Мышецкий встал, протянул руку:
– Давайте простимся как люди… Что будет далее – время покажет, но сейчас простимся, не обижая друг друга…
Через окно он проследил: вот Борисяк вышел на крыльцо, сунул руки в карманы пальто, нахохлился. Спрыгнул в снег – пошел. И скрылся за поворотом… все! Что-то оборвалось. «Пусть…»
В этот день полковник Алябьев приступил к раздаче водки в казармах. Наливали по полному стакану. Выдали сахарный паек. Офицеры учили в казармах, как надо спать на простынях, как складывать одеяло, – до этого спали на голых досках, покрывшись шинелями, как серое побитое стадо.

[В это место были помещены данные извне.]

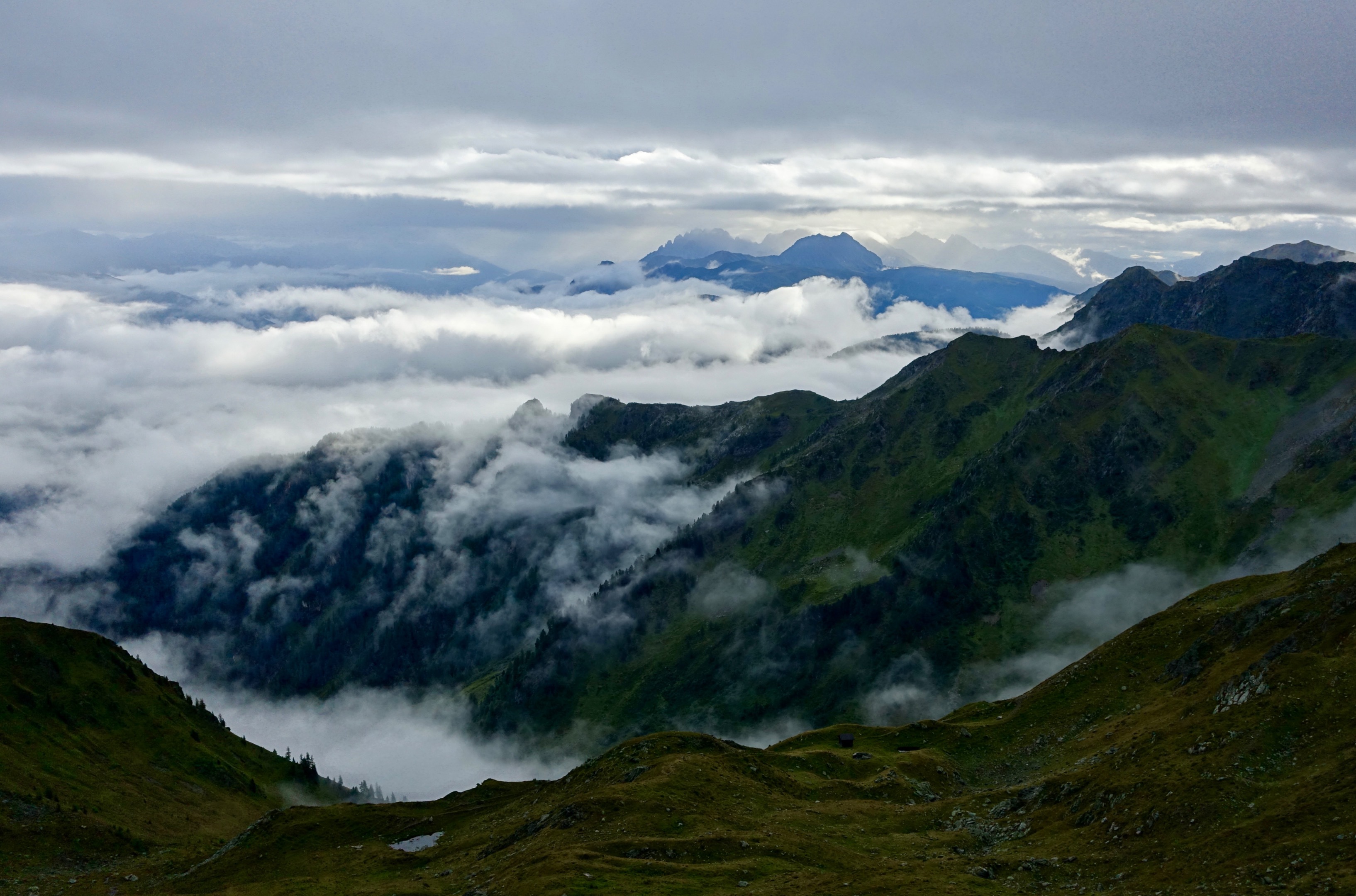… folgt Sonnenschein. Wir haben frühmorgens die Gunst der Stunde genutzt und sind bereits um 7.20 Uhr losgewandert. Nach dem Ruhetag waren wieder richtig begierig darauf, neue Wege in den Karnischen Alpen zu gehen. Nebelschwaden, einzelne Sonnenstrahlen und von Ferne leuchtende Berghänge ergaben eine ganz besondere Stimmung. Die Ruhe - und Schönheit - nach dem Sturm.
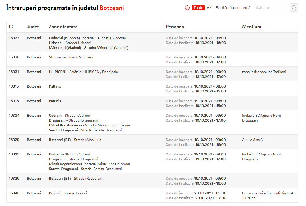Curentul va fi sistat, pe parcursul săptămânii viitoare, în mai multe localități din județul Botoșani, ca urmare a unor lucrări la rețelele electrice desfășurate de societatea comercială Delgaz Grid. Astfel, populația din localitățile afectate de lucrări va rămâne fără energie electrică în intervalele orare 8.00- 16.00 sau 9.00-17.00.
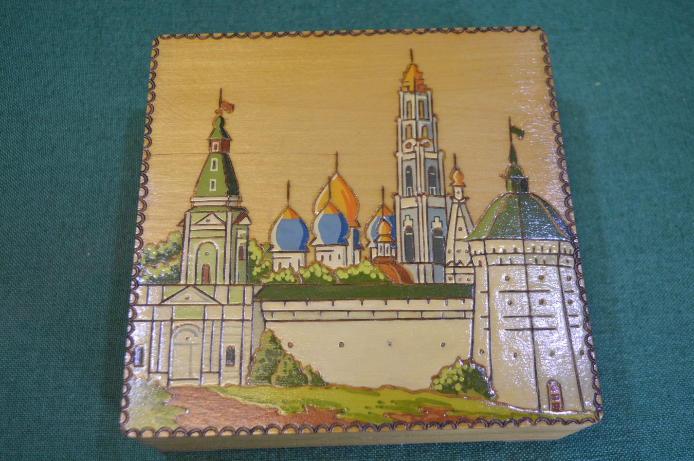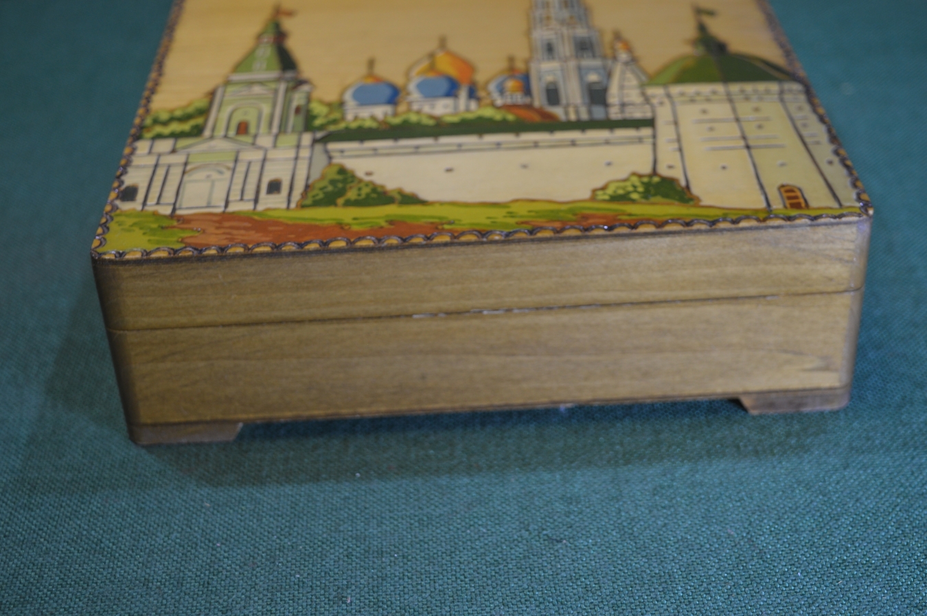 Шкатулка деревянная "Кремль". Резьба. Роспись. СССР.
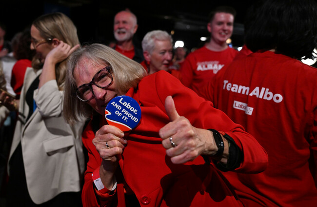 Labour supporters celebrate during a Federal election reception for Labor's Anthony Albanese in New South Wales, Alamy Stock Photo
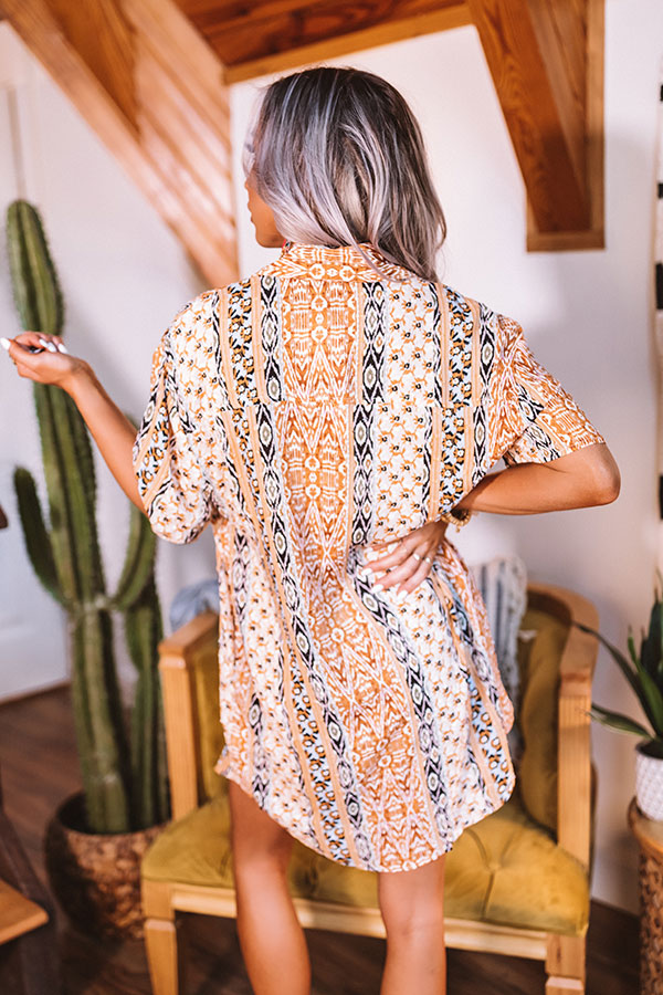 Remain eye-catching in our unique "Cafe Lounging Shift Dress" featuring lightweight material patterned with an abstract navy and golden honey hued print, a button down front with a collared v-cut neckline, short loose sleeves, accent side pockets, and a relaxed silhouette that falls into a rounded mid-thigh length hemline! We have layered this intricate piece under a jean jacket with a brown platform heel and faux leather crossbody, but you can also wear it with our "Vacation Friendly Wedge in Navy" and our "Plans In Paris Wool Hat in Cream!" Measurements
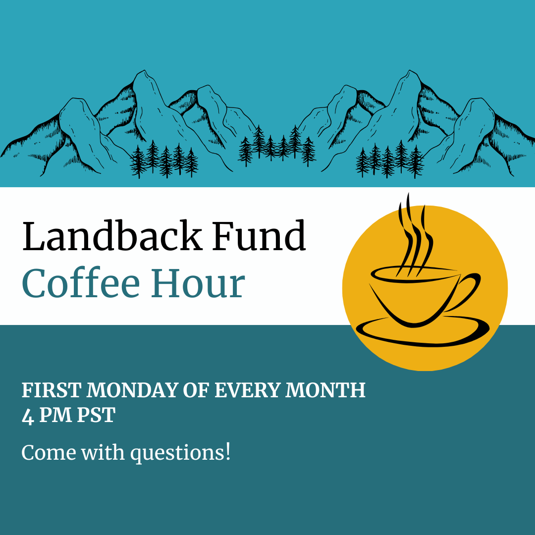 Coalition leadership is hosting a monthly Landback Coffee Hour to answer your questions about the Landback Fund. Have specific questions or want to talk about landback in your context? Join us on Zoom Monday, March 3rd at 4pm PT / 5pm MT / 6pm CT / 7pm ET
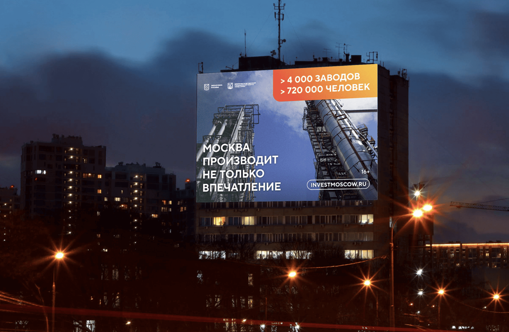 В основу коммуникации включены количественные показатели промышленной инфраструктуры города: в Москве функционирует более 4000 промышленных предприятий, на которых трудятся более 720 000 человек.
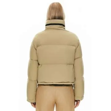 Orolay Women's Cropped Puffer Jacket Winter Stand Collar Quilted Down Coat Warm Fashion Zip Up Outerwear with Pockets Khaki Medium
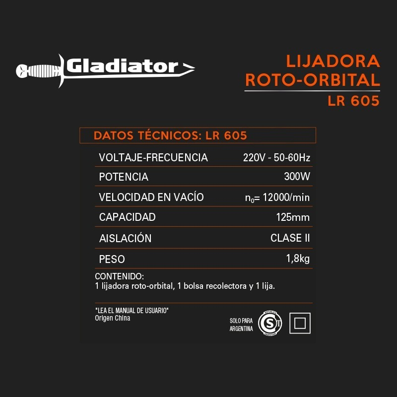 Ijadora Roto Orbital Gladiador Lr605 300w Lijas 125mm
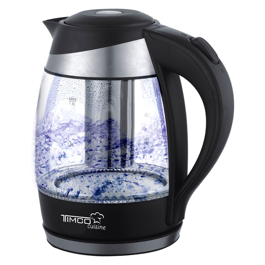Tetera Electrica con Infusor Removible Jarra Electrica de Vidrio para Calentar Agua Capacidad 1.8 litros Timco JE1757T
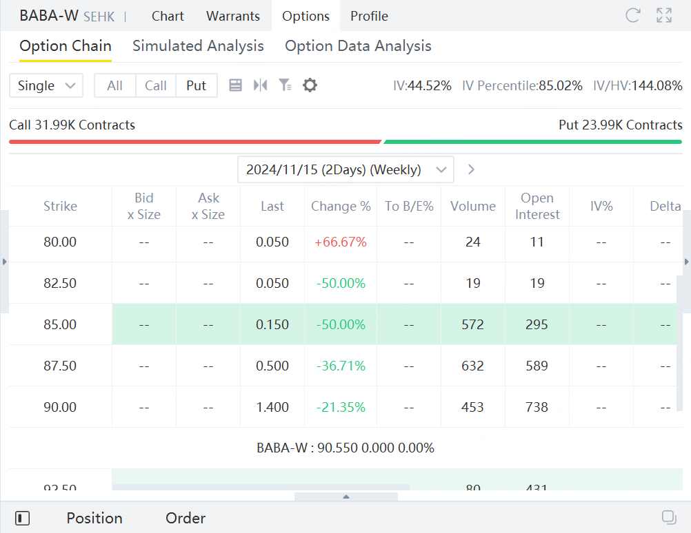 Alibaba’s stock is currently trading at 90.1 HKD. Investors can implement a short strangle as follows:
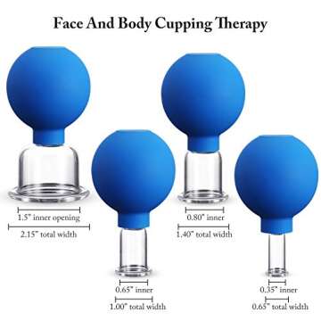 4 Pieces Glass Cupping Set Glass Silicone Cupping Cups Massage Vacuum Suction Cupping Cups for Body Face Leg Arm Back Shoulder Muscle and Joint Pain (Blue)

На стенах казарм повесили картинки рождественского содержания.
Алябьев героически хаживал по казармам без оружия. Изображал «отца-командира» и рубаху-парня.
– Был и я молод, гулял, – говорил полковник мимоходом, нигде не задерживаясь. – Погуляли, братцы, и хватит. Кто триппер поймал или нелегальщины набрался – обращайтесь прямо ко мне… Я вас всех вылечу! А то вот, помню, такой анекдот есть…
Вскоре Огурцов доложил Мышецкому, что губернское присутствие снова наполняется чиновниками, сидевшими до этого в «бесте». Мышецкому оставалось сделать вид, будто он не замечал их отсутствия все последнее время. Тихими мышками сидели по кабинетам столпы и заправилы Уренской бюрократии, – присматривались к забытым бумагам, принюхивались к настроениям.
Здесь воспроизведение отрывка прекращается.